* _What is needed_:
Below are the records; extract from them the line containing "Рисунок 3.2 График" to the line containing "durability with elegance.", both lines included, exactly and with no pictures.

Dataset items:
==================================================

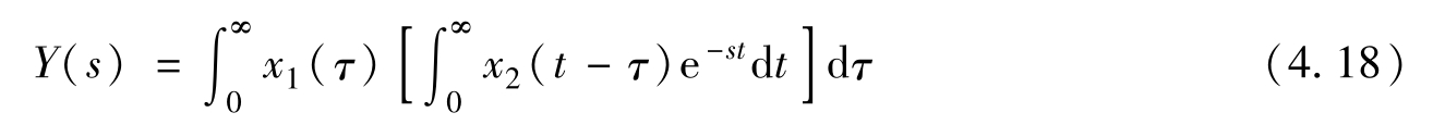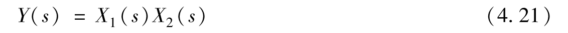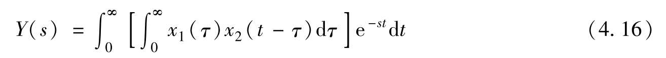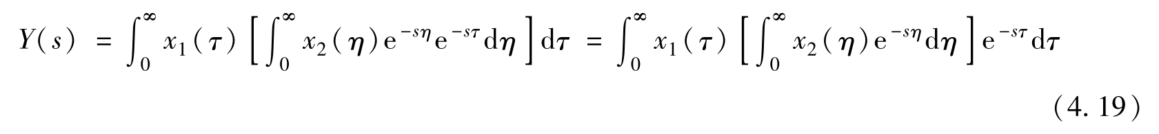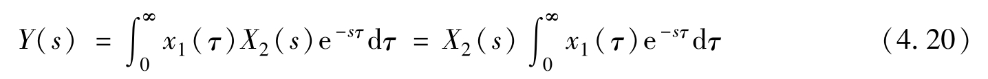 式(4.20)中把 X 2 ( s )提到积分号之前是因为 X 2 ( s )与 τ 无关,而剩下的积分式就是 x 1 ( t )的拉普拉斯变换。所以,式(4.20)就是两个拉普拉斯变换之乘积
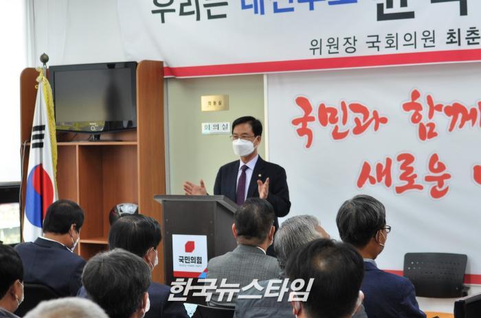 지난 26일 국회에서 국민의힘 현직 국회의원 7명과 함께 최춘식 의원이 윤석열 국민의힘 제20대 대통령선거 예비후보 ’국민캠프’에 영입돼 경기선대위 공동위원장직을 수락 후 지역 당협 핵심당원들과 뜻을 같이 하겠다는 모임이다.
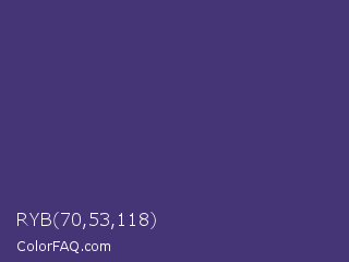 RYB 70,53,118 Color is a normal indigo color and the nearest color is Minsk #3f307f. Hex code #463576 and RGB value is rgb(70,53,118). In RGB color space, this color is composed of 27% red, 21% green, 46% blue, In CMYK color space, this color is composed of 41% cyan, 55% magenta, 0% yellow , 54% black , In HSL color space, this color has a hue angle of 256° , 38% saturation and 34% lightness.
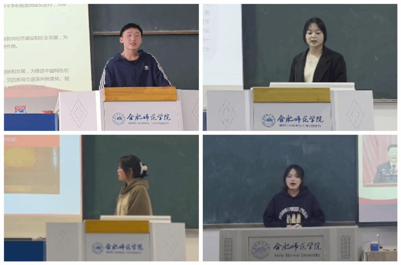 2022级生物科学师范班庞宇晴同学以《弘扬伟大建党精神,争做时代好青年》为主题,从伟大建党精神的深刻内涵和重大意义两个方面,讲述了新时代弘扬伟大建党精神的必要性,呼吁新时代青年发扬伟大建党精神,践行“请党放心、强国有我”的青春誓言。
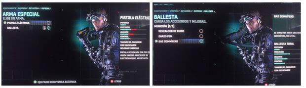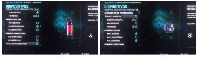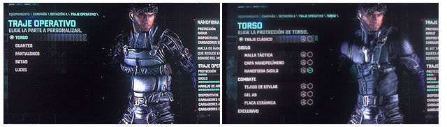 Hay 2 maneras de mejorar el traje, hacia sigilo lo que nos dará mayor capacidad de dispositivos y un sigilo perfecto o hacia el combate lo que hará que llevemos mas cargadores para las armas y seamos muchos mas resistentes, es bueno hacerse 2 dotaciones una con sigilo y otra con protección.
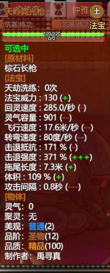 不讨论法宝属性参数(法宝灵气容量>速度>回灵>体积>威力>拐弯>攻击间隔),以下法宝都是由该名小人参与炼制。
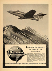 This is an original 1949 black and white print ad for the Grumman Panther, the U. S. Navy's carrier-based Fighter, from the Grumman Aircraft Engineering Corporation, Bethpage, Long Island, New York.
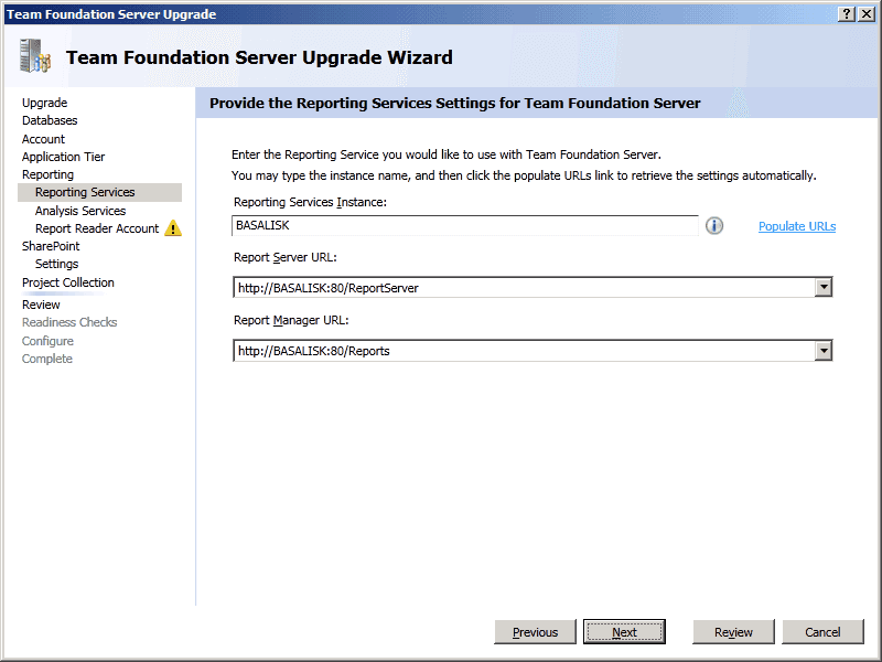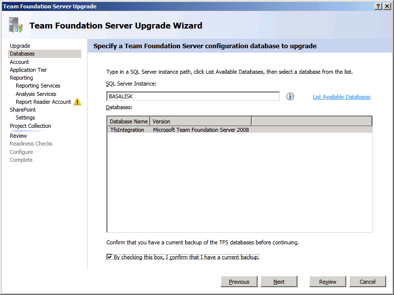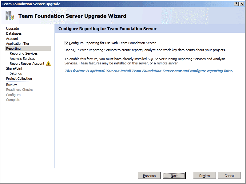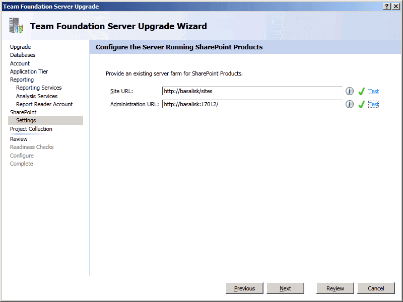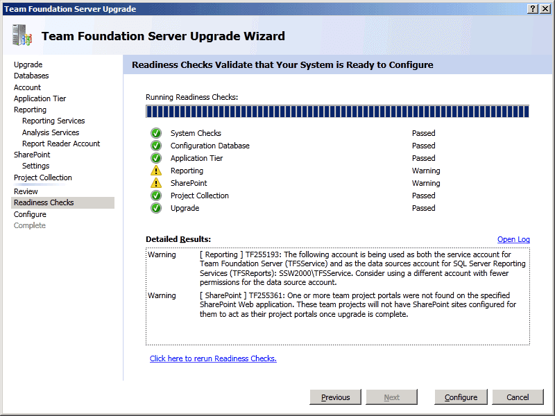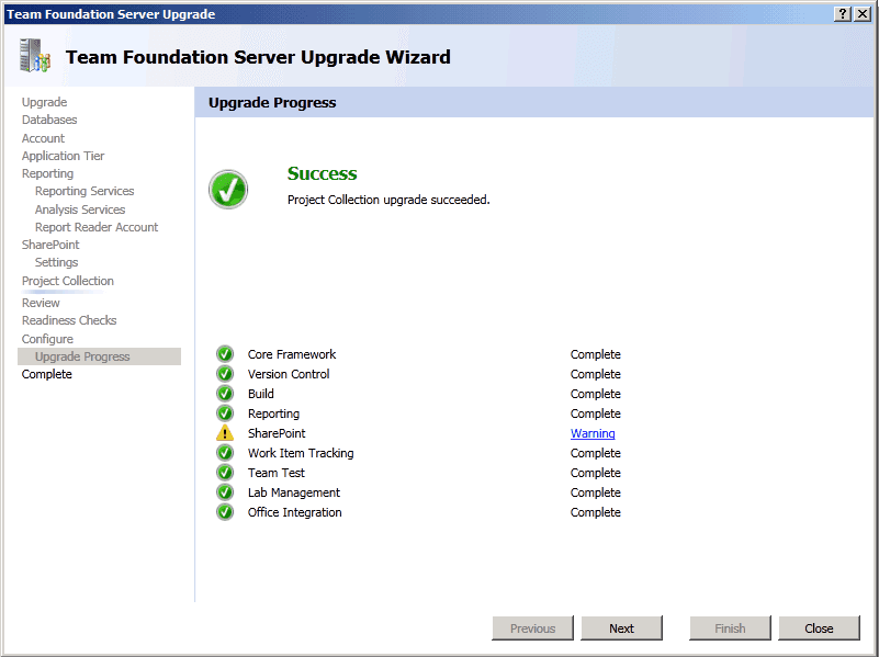TFS Upgrade Wizard - Configure - Upgrade Process
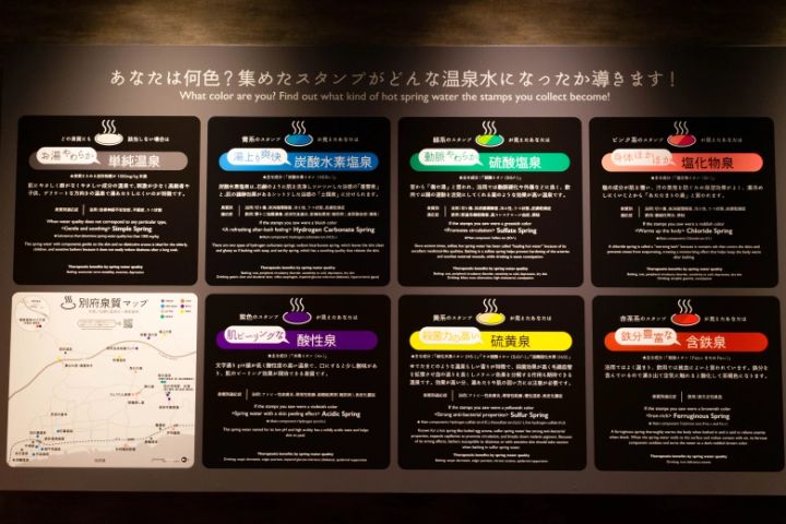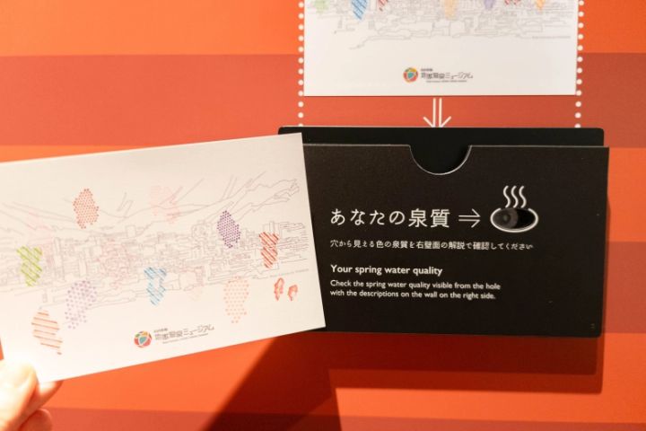 館内は4つのセクションに分かれていて、部屋を進んでいくと地中を再現した迷路のような空間が出現。迷路の途中には色や形の違うスタンプがたくさんあって、受付でもらったポストカードに押していきます。このスタンプは地中にあるイオンを再現していて、どのルートを通るかで押すことができるスタンプも変わり、それによって温泉の泉質が変わっていきます。別府に降る雨水のうち、温泉として湧き出るのはわずか16%。このミュージアムでは、 雨水が50年もの歳月をかけて温泉となるまでの過程を再現しています。
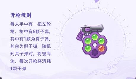3.惩罚为一把带有6颗子弹的左轮老式手枪,其中有1颗真子弹,被真子弹打中后淘汰
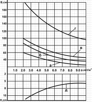 Рисунок 3.2 График для определения расстояние между электродами при групповом их размещении (а.б.в.и г.- кривые для определения расстояния между группами при напряжении тока соответственно 65,87,106 и 220в; Д-кривая для определения расстояния между электродами в группе.
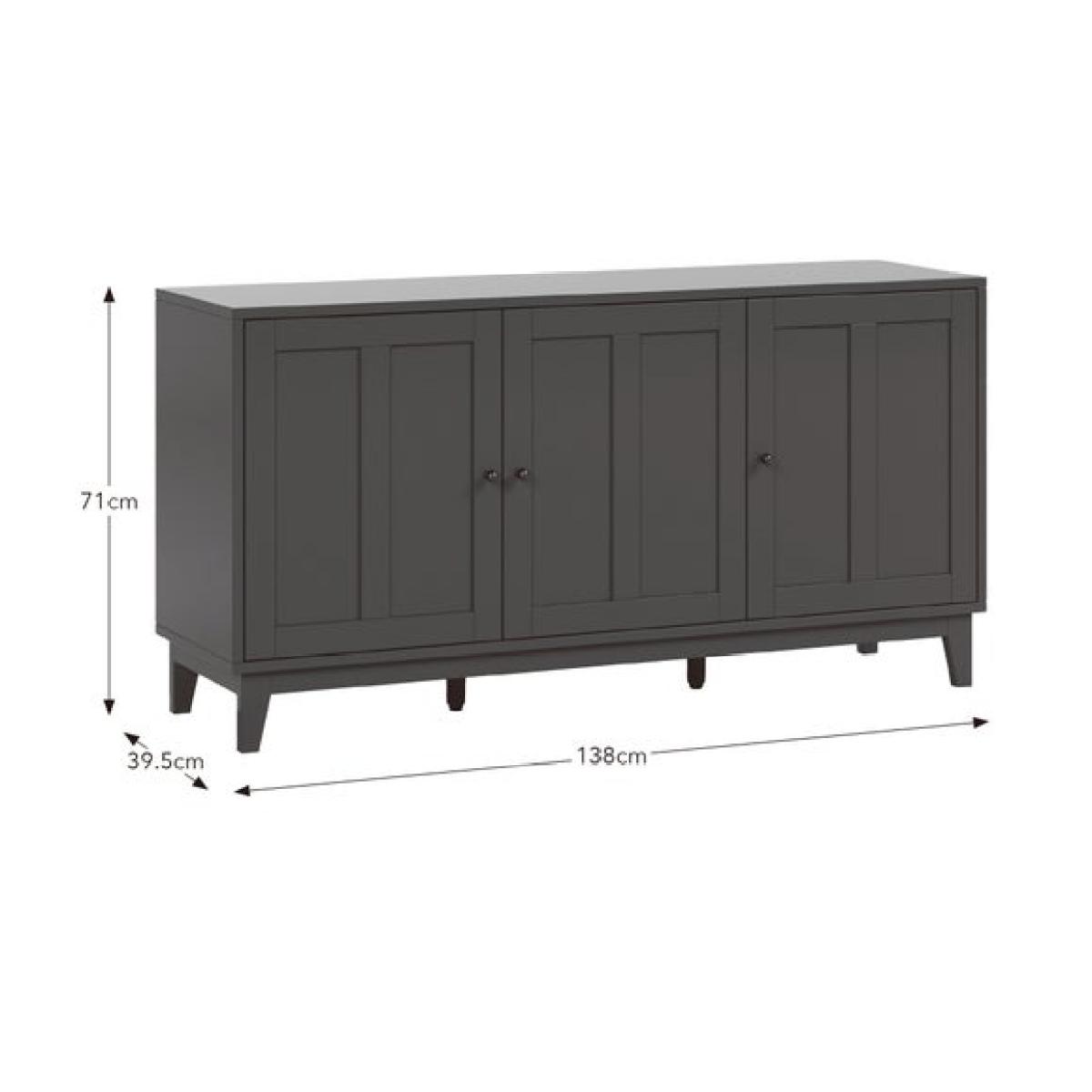 * Wooden sideboard * Ample storage * Painted finish The Hadley sideboard is a stylish and practical storage solution designed to complement modern interiors. It features three doors that open to reveal three spacious shelves, providing ample room for organising dining essentials, décor, or everyday items. The piece is finished with a smooth painted surface for a refined look, combining durability with elegance.
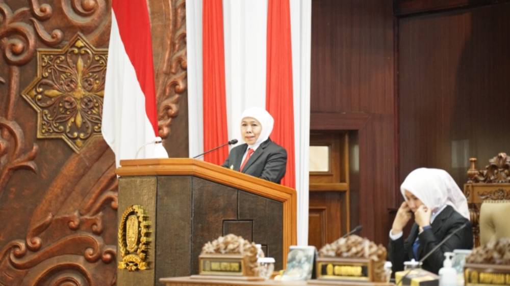 Rapat paripurna tersebut dipimpin oleh Ketua DPRD Jatim Musyafak Rouf, didampingi para wakil ketua dewan. Saat doa bersama berlangsung, suasana ruang rapat paripurna seketika menjadi hening. Seluruh peserta menundukkan kepala dan mengikuti doa yang dipimpin langsung oleh Khofifah.
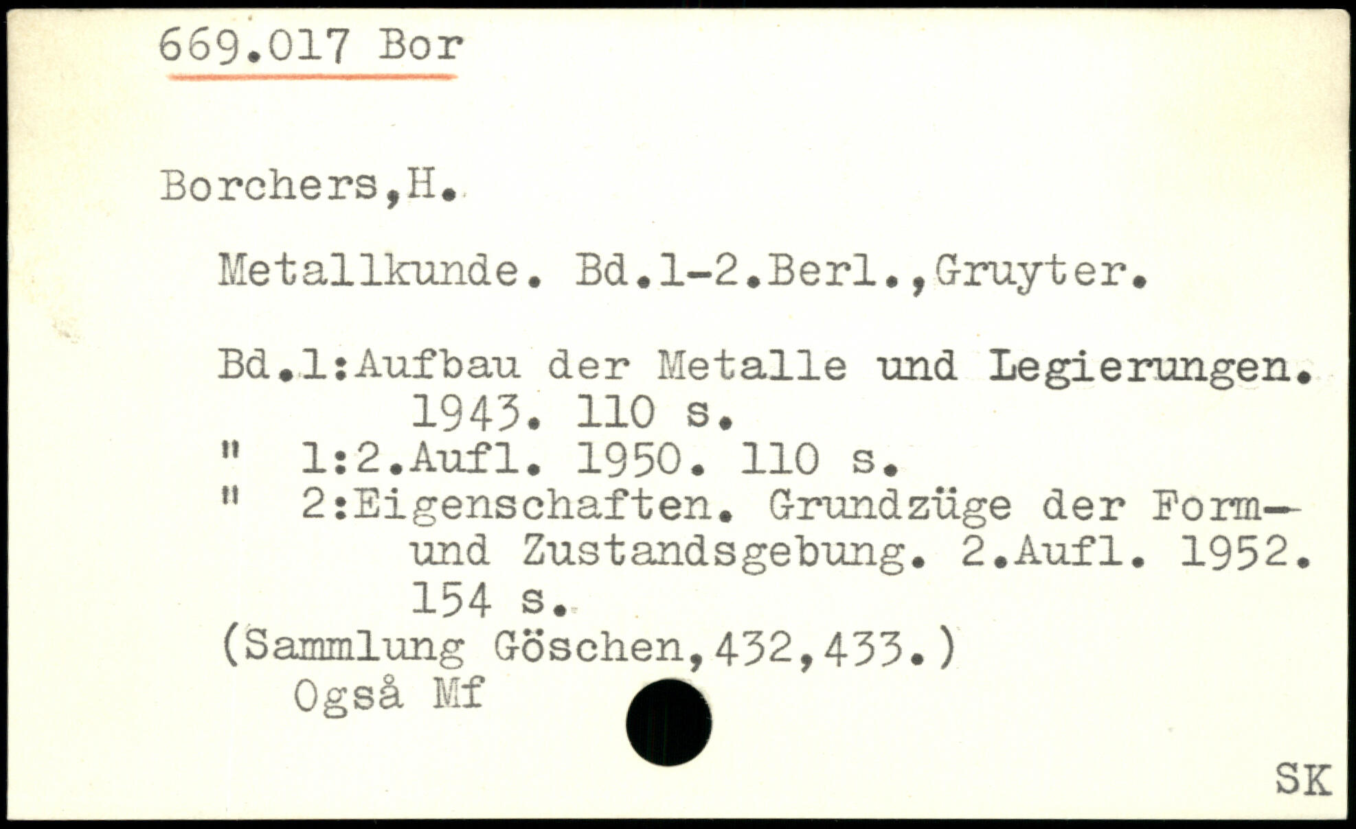 Metallkunde. Bd.l~2.Berl. ,Gruyter. Bd.lsAufbau der Metalle und Legierungen. 1943.
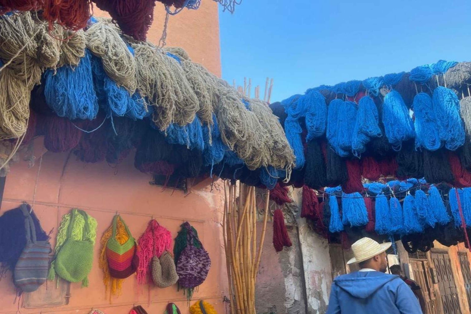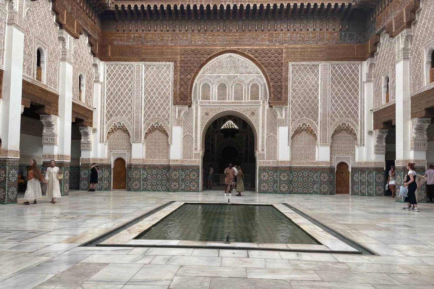 Mød din guide foran Cafe ARGANA, hvor du får en introduktion til din tur sammen med nyttige tips til at forbedre din oplevelse. Din rejse begynder i det pulserende hjerte af Marrakech, det travle hovedtorv, før du begiver dig ind i labyrinten i den middelalderlige medina. Gå gennem livlige håndværkerkvarterer, hvor du vil opdage marokkansk håndværkskunst, fra indviklede tekstiler til elegant keramik. Din guide vil fremhæve disse skatte uden nogen forpligtelse til at foretage køb. Udforsk den spændende historie fra slutningen af det 19. århundrede på Bahia-paladset. Her kom tidligere slaver til magten, og historier om polygami, konkubiner, ære og værdighed udfolder sig inden for de majestætiske mure og forvandler fornuftige mænd til lidenskabelige elskere. Gå forbi en af de ældste hammam'er i området, og lær om dens betydning for den marokkanske kultur. Fortsæt til den farverige krydderiplads, et knudepunkt for handel og tradition, hvor århundreders historie kommer til live i markedspladsens seværdigheder, lyde og dufte. Vælg at udforske et af to ikoniske vartegn: Ben Youssef Madrasa, et mesterværk i islamisk arkitektur prydet med indviklede mosaikker og stukarbejde, eller Den Hemmelige Have, en skjult oase, der viser fantastisk design og historie. Din guide vil give et rigt indblik i betydningen af disse steder og tilbyde en mindeværdig og fordybende oplevelse i hjertet af Marrakech.Includes
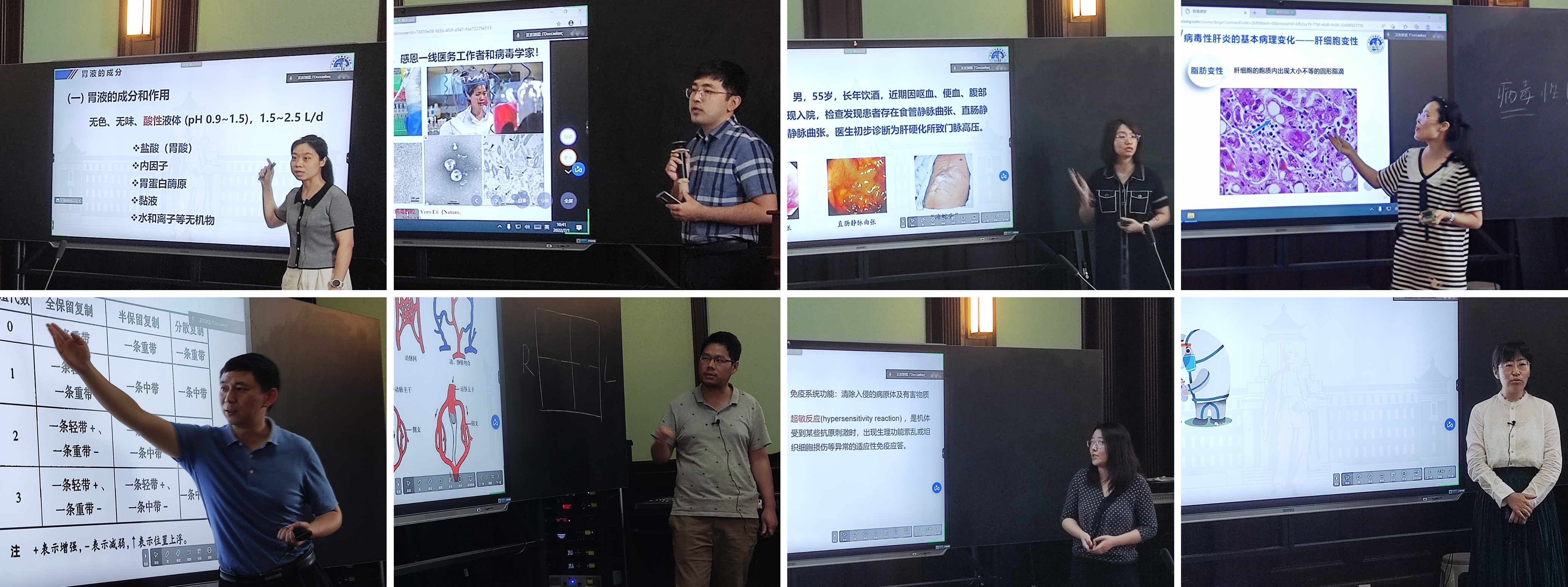 参赛教师们准备充分、语言流畅、教态自然、思路清晰、教案完整,彰显了基础医学院中青年教师良好的教学面貌和专业素质。评委从总体设计和教学内容、教学方法与手段、教学技能、教学效果、教学特色及教案设计等几方面进行综合评分,并对比赛过程中教师的PPT和板书设计、师生互动和课程思政融入等提出合理化建议。
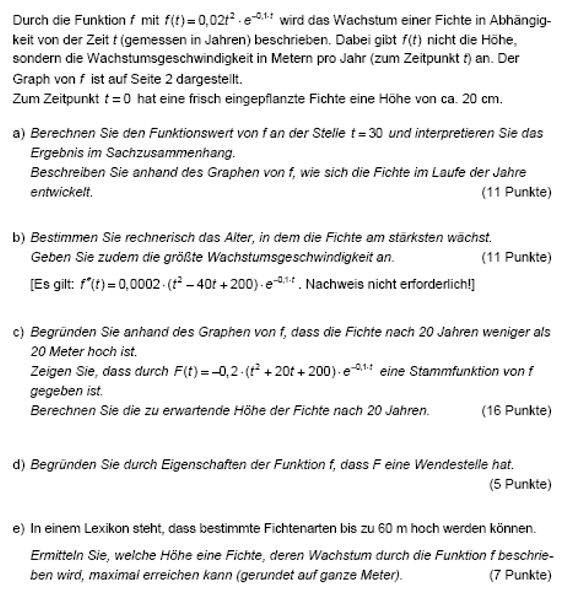 Und letztlich geht es dann um die rein innermathematische "Kurvendiskussion" dieser Exponentialfunktion (hier f(t)=0,02 t2 · e-0,1t ) und kann man getrost das "Anwendungs"beispiel vergessen, ja, man ist erst dann "gut", wenn einem dieses Vergessen gründlich gelingt. überhaupt dienen die komplizierten Werte "0,02" und "-0,1t" da ja nicht der Anwendung, sondern sind einzig und allein enthalten, um die rein innermathematische "Kettenregel" abzuprüfen.

==================================================

* _Problem solution_:
 Рисунок 3.2 График для определения расстояние между электродами при групповом их размещении (а.б.в.и г.- кривые для определения расстояния между группами при напряжении тока соответственно 65,87,106 и 220в; Д-кривая для определения расстояния между электродами в группе.
 * Wooden sideboard * Ample storage * Painted finish The Hadley sideboard is a stylish and practical storage solution designed to complement modern interiors. It features three doors that open to reveal three spacious shelves, providing ample room for organising dining essentials, décor, or everyday items. The piece is finished with a smooth painted surface for a refined look, combining durability with elegance.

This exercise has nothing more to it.